Bonds issued by government-owned investment companies almost always receive top-tier credit ratings from domestic agencies because they are seen as being guaranteed by the provinces and cities that back them. But Mr Zhang puts little faith in official guarantees, saying ShineWing only audited bonds if it was very clear that borrowers were able to make repayments: “When the time comes, it won't be the government that assumes responsibility. It will be the accounting firms and the banks that do.”
China does not have a local property tax. Therefore local and provincial governments rely on other methods to generate revenue. Traditionally, they have relied on land sales to raise income but as the central government weighed on the banking sector to try and curtail property market speculation the need to find other sources of income have increased.
Western investors will be familiar with the expediency of special purpose vehicles.
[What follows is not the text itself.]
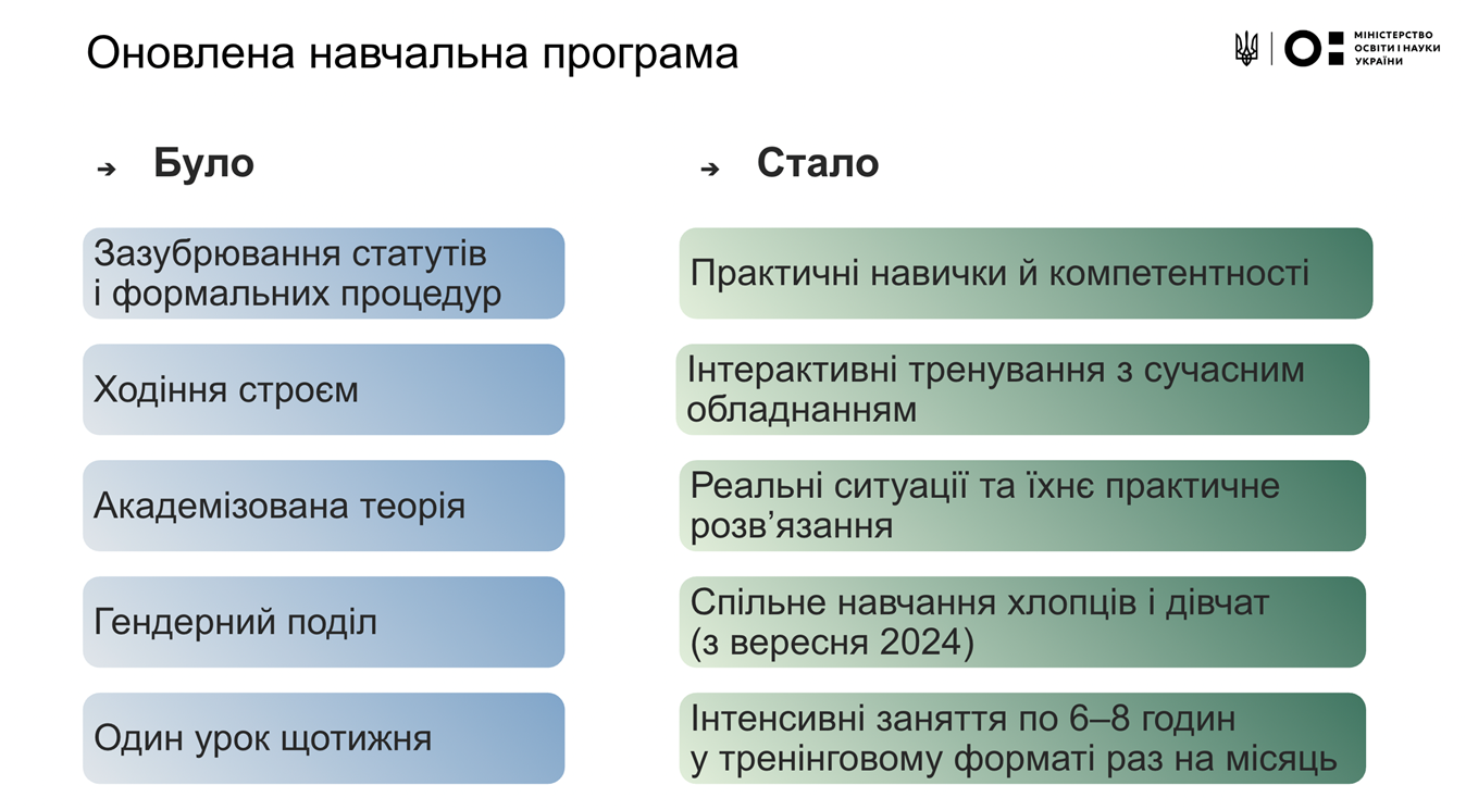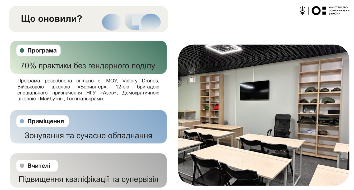 Новою програмою передбачена перепідготовка викладачів, залучення ветеранів російсько-української війни, а також - реконструкція навчального простору.

These entities allow local governments, companies and individuals to act in a manner that is often prohibited under normal circumstance by keeping risky assets off balance sheets. SPVs have been a feature of the Chinese banking sector for quite some time and are likely to remain so. Do they represent a risk to the financial sector? Yes. The more important question is whether that risk is likely to pose an imminent threat? I suspect not.
The Xinhua FTSE A600 Banks Index found support in the region of the 200-day MA this week following a reversion from its February peak and posted an upside weekly key reversal. Follow through next week would bolster the bullish argument while a break back above 10600 would confirm a return to medium-term demand dominance. The Shanghai A-Shares Index has a similar pattern; also finding support in the region of the 200-day MA this week.
The Hong Kong listed H-Shares Index (P/E 8.68 Yield 3.53%) has pulled back over the last two months to test the 10000 region and rallied from that area today. A sustained move above 10850 would break the progression of lower rally highs and suggest a return to medium-term demand dominance.